Russia criticized the U.S. on Tuesday for “kidnapping” a Russian man accused of stealing credit card data by hacking into American retailers’ computer systems.

According to the U.S. Department of Homeland Security, the Secret Service arrested Roman Valerevich Seleznev, a 30-year-old Russian national, on Saturday for allegedly gaining unauthorized access into point-of-sale systems at retailers throughout the U.S. between October 2009 and February 2011. Seleznev was indicted in the U.S. District Court for the Western District of Washington in March 2011.

“We consider this as the latest unfriendly move from Washington,” the Russian foreign ministry said on its website. “This is not the first time the U.S. side, ignoring a bilateral treaty ... on mutual assistance in criminal matters, has gone ahead with what amounts to the kidnapping of a Russian citizen.”

According to the Russian foreign ministry, Seleznev was detained at the airport of Maldives' capital, Male, and was force by U.S. Secret Service agents to board a private airline to Guam.

Seleznev is said to be the son of Valery Seleznev, a member in the lower house of the Russian parliament, Bloomberg reported on Tuesday, citing two anonymous U.S. law enforcement officials. The officials also revealed that the Russian lawmaker said he had not been able to contact his son, who went abroad for a vacation with his family.

The indictment said that Seleznev was part of a hacking team that stole more than 200,000 credit card numbers. During a three-month period ending in February 2011, Seleznev and his team of hackers allegedly sold more than 140,000 credit card numbers on various online forums and generated at least $2 million in profit, Bloomberg reported, adding that the amount of losses for financial institutions caused by the hackers could be more than $1.2 million.

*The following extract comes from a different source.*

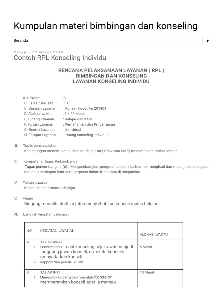 Dari hasil wawancara antara konselor dengan konseli maka rencana layanan yang akan konselor berikan untuk membantu konseli mengentaskan permasalahan yang dialaminya adalah dengan layanan konseling individual. Tumbuh kembang remaja bidang bimbingan. Download file format docx microsoft word ini mudah mudahan bisa bermanfaat dan menjawab pencarian anda tentang rpl bk karir rpl bk smp kurikulum 2013 rpl bk bimbingan kelompok rpl bk smp kurikulum 13 rpl bk sma rpl bk smp rpl bk smp kelas 7 rpl bk smp kelas 8 rpl bk smp kelas 9 rpl bk. Contoh rpl konseling individu 0953 unknown rencana pelaksanaan layanan rpl bimbingan dan konseling. Academiaedu is a platform for academics to share research papers. Agar mampu mengaktualisasikan potensi dirinya dalam rangka mencapai perkembangan secara optimal.
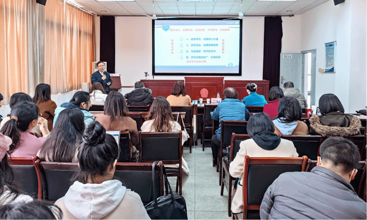 胡中波以“研究融教学 实践出真知——教学研究与教学成果的积累”为题,从“教学研究:成果核心价值”“研究深化:成果前期培育”“总结凝练:研究的功夫”“研究成果的推广:应用实践”四个方面进行了阐述,重点讲解了教学成果奖的内涵、设置、评审体系以及教学成果的孵化、切入视角、凝练方法等,并通过案例分享的形式展示如何“将功夫做在平时”。胡中波强调,要以项目化的管理做好教学改革研究,凝练出具有特色亮点的教学成果,进而产出高质量的实践研究成果。整场讲座主题鲜明、内容丰富、启发性强,为教师开展教学研究、申报教研项目理顺了思路、提供了有益指导。

“Seleznev is also charged in a separate indictment in the District of Nevada with participating in a racketeer influenced corrupt organization (RICO) and conspiracy to engage in a racketeer influenced corrupt organization as well as two counts of possession of 15 or more counterfeit and unauthorized access devices,” U.S. Homeland Security said, in a statement. “Those charges carry maximum penalties of up to 20 years in prison for RICO and RICO conspiracy and up to 10 years in prison for possession of 15 or more counterfeit and unauthorized access devices.”